The MG Trust has decided to resettle various assets upon the Mark Gunton Heritage Trust (the MG Heritage Trust), the beneficiaries of which are in all material respects the same as those of the MG Trust (the resettlement), The settlor of the MG Trust, Mark Gunton, has decided to appoint Bryce Gordon Donne (an existing trustee of the MG Trust) and Tracey Lancelot Goodin as trustees of the MG Heritage Trust. As part of the resettlement, the shares that are jointly held by the trustees of the MG Trust (currently Mr Donne and Mr Harris) are to be transferred to Mr Donne and Mr Goodin (jointly) in their capacity as trustees. Accordingly, following the resettlement, Mr Goodin would join Mr Donne and Mr Gunton in the controlling of voting rights in Westgate.

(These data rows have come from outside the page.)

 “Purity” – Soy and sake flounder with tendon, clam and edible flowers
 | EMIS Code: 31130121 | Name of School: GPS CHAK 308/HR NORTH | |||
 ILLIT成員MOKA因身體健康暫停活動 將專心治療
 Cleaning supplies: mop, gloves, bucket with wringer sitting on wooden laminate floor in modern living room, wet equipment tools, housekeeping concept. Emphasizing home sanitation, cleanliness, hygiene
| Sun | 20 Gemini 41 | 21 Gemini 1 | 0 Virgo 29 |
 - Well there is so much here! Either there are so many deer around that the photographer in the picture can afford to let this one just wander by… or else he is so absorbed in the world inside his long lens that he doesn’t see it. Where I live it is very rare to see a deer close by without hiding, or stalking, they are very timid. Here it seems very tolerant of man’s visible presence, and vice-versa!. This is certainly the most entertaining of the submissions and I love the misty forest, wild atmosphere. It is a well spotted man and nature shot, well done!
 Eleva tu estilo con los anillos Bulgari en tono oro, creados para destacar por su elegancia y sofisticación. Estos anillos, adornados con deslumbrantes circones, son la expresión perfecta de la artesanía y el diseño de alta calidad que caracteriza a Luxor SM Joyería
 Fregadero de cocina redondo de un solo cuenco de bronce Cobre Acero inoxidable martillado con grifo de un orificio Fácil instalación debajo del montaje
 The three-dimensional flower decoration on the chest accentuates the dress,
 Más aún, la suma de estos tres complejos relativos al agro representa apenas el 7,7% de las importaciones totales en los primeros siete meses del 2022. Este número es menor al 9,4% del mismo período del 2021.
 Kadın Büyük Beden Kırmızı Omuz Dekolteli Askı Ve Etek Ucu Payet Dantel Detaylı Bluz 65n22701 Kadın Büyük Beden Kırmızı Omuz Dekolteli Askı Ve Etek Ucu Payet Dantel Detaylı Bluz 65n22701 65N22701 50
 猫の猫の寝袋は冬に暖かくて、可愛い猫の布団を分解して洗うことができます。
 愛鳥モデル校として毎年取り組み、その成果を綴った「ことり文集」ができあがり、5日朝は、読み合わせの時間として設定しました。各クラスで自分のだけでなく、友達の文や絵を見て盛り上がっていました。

The Panel has granted an exemption from rule 6(1) of the Code to Mr Goodin in respect of any increase in his control of voting rights in Westgate as a result of his appointment as a trustee of the MG Heritage Trust.

The Panel considers that the exemption is appropriate and consistent with the objectives of the Code because-

  • the shareholders of Westgate would not be disadvantaged in not having the opportunity to vote on Mr Goodin's appointment as trustee of the MG Heritage Trust, as it would not have any real effect on those shareholders:
  • the appointment of Mr Goodin as trustee of the MG Heritage Trust would relate to a reorganisation of a private family trust, and the Code is not intended to inhibit the restructuring of family trusts that have no real effect on the shareholders of a code company:
  • the exemption avoids unnecessary compliance costs that would be incurred if it were not granted.

Issued under the authority of the Acts and Regulations Publication Act 1989.
Date of notification in Gazette:
This notice is administered by the Takeovers Panel.